(Work required): Collect each line of the records containing the string "Waspada".

(Provided entries):
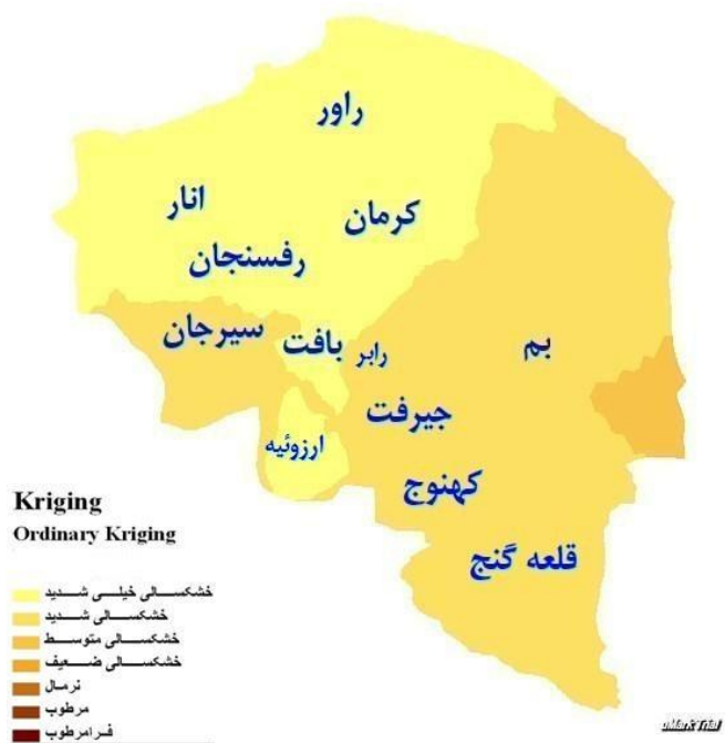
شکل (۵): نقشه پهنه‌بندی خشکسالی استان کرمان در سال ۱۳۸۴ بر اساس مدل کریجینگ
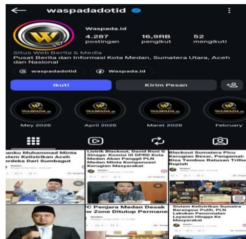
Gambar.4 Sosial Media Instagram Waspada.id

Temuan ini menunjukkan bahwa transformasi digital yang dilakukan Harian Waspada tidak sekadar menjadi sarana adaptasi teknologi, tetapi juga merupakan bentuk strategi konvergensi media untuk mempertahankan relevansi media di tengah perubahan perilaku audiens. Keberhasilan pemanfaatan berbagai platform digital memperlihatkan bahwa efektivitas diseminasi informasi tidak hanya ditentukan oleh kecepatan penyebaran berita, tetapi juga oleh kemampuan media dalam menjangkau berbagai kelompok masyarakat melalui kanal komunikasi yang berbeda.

--

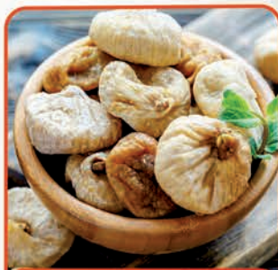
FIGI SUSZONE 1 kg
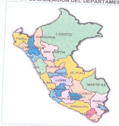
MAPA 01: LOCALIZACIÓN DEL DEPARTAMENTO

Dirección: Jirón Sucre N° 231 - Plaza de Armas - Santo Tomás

(Answer space):
Gambar.4 Sosial Media Instagram Waspada.id
Temuan ini menunjukkan bahwa transformasi digital yang dilakukan Harian Waspada tidak sekadar menjadi sarana adaptasi teknologi, tetapi juga merupakan bentuk strategi konvergensi media untuk mempertahankan relevansi media di tengah perubahan perilaku audiens. Keberhasilan pemanfaatan berbagai platform digital memperlihatkan bahwa efektivitas diseminasi informasi tidak hanya ditentukan oleh kecepatan penyebaran berita, tetapi juga oleh kemampuan media dalam menjangkau berbagai kelompok masyarakat melalui kanal komunikasi yang berbeda.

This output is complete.